Either the case of either alternative, one or more ports 56 may receive one or more packets 92 or 102, and may transmit them to circuitry 60. One or more packets 92 and 102 may comprise header information that may comprise one or more destination addresses that may indicate that one or more packets 92 and 102 are intended to be received by host system 110 and/or card 20. The one or more tables comprised in forwarding information 68 may correlate these one or more destination addresses with one or more ports 54 that are coupled to card 20. Circuitry 60 may examine forwarding information 68, and as a result of operation 204, may determine, based at least in part upon forwarding information 68, to forward one or more packets 76 to card 20 via the one or more ports 54 that are correlated in forwarding information 68 with these one or more destination addresses. Circuitry 60 may generate one or more packets 76, based at least in part upon packets 92 or 102 previously received by one or more ports 56, such that one or more packets 76 may comprise a copy 80 of the requested data 74 obtained from packets 92 or 102. Circuitry 62 may forward one or more packets 76 to card 20 via one or more ports 54.

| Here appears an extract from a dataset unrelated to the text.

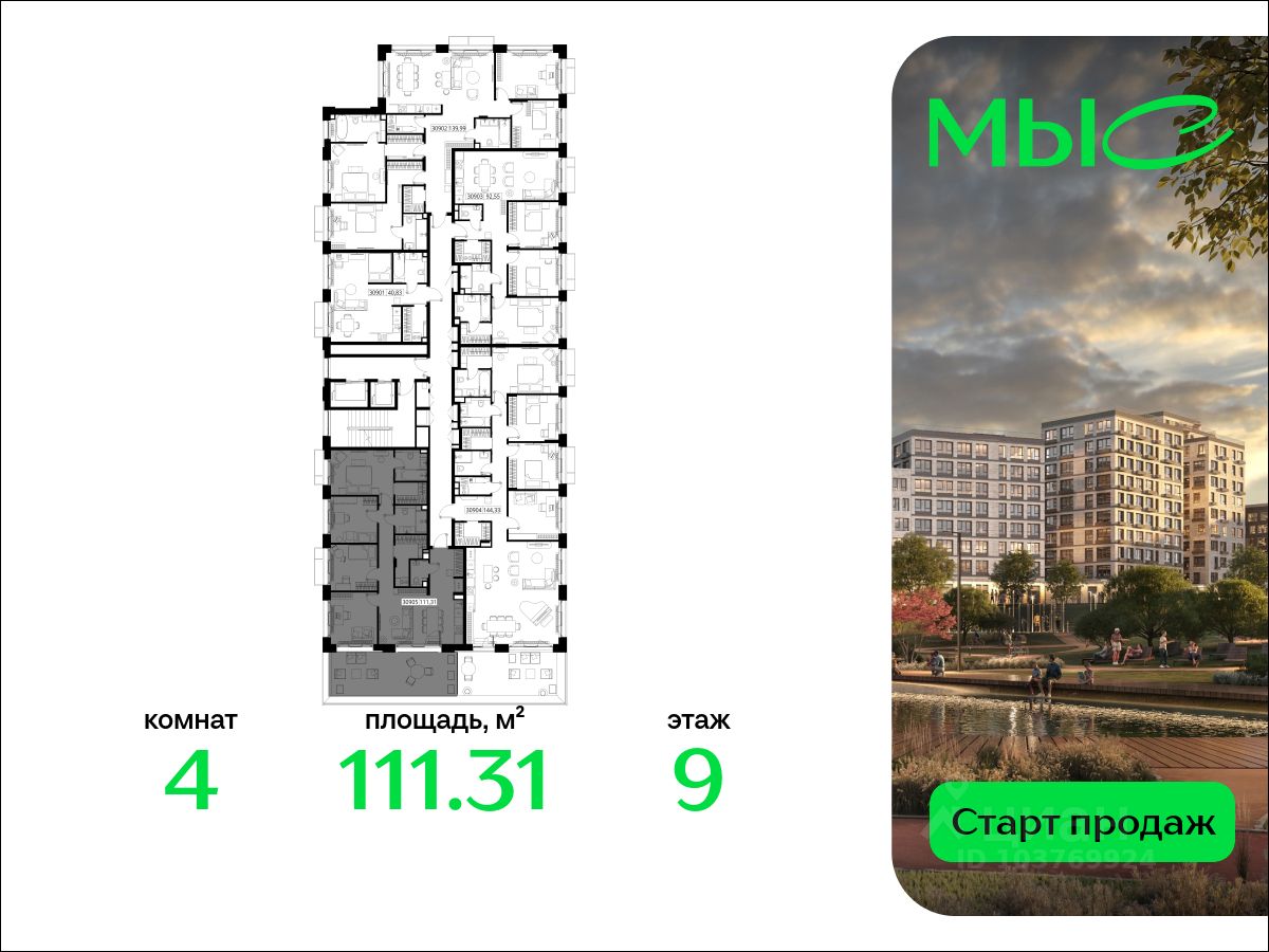 В продаже квартира площадью 111.31 кв. м без отделки на 9 этаже 12 этажного дома. Квартира находится в премиальном жилом комплексе ''МЫС'' (Застройщик - MR Group).

Alternatively, depending upon the RAID level implemented in RAID 29, if the copy in storage 27 of user data 74 has become corrupted, one or more packets 92 and 102 retrieved from storage 27 may comprise copies 94 and 104 of check data generated based at least in part upon user data 74 and stored in storage 27. In this alternative, after circuitry 60 receives one or more packets 92 and 102, circuitry 62 may regenerate, at least in part, user data 74, based at least in part upon the copies 94 and 104 of the check data from packets 92 and 102 and conventional RAID techniques associated with the RAID level implemented in RAID 29. Circuitry 60 may examine forwarding information 68, and as a result of operation 204, may determine, based at least in part upon forwarding information 68, to forward one or more packets 76 to card 20 via the one or more ports 54. Circuitry 60 may generate one or more packets 76 such that one or more packets 76 may comprise a copy 80 of the requested data 74 regenerated, at least in part, by circuitry 62 based at least in part upon the copies 94 and 104 of the check data from packets 92 and 102. Circuitry 62 may forward one or more packets 76 to card 20 via one or more ports 54.
Card 20 also may be capable of generating and transmitting to intermediate station 40 a plurality of Serial Management Protocol (SMP) messages (collectively and singly referred to herein by the numeral 82 in FIG. 1). For example, one or more of these messages 82 may comprise header information 84 and one or more requests 86 to modify one or more operational parameters of RAID 29, such as, for example, partitioning of RAID 29 into a plurality of redundant arrays of independent disks, collapsing a plurality of such arrays into a single RAID, changing assignment of storage devices to such arrays, changing one or more RAID levels implemented by such arrays, etc. In this embodiment, one more messages may comprise, for example, one or more SMP_REQUEST messages, and one or more requests 86 may be indicated by one or more values in one or more special fields in one or more messages 82. These one or more special fields may be chosen by a vendor and/or maker of intermediate station 40 so as to be, for example, uniquely associated with SMP messages intended to be received by one or more SAS expanders vended and/or made by such vendor and/or maker, while allowing such SMP messages to be compatible and/or in compliance with the SAS Standard.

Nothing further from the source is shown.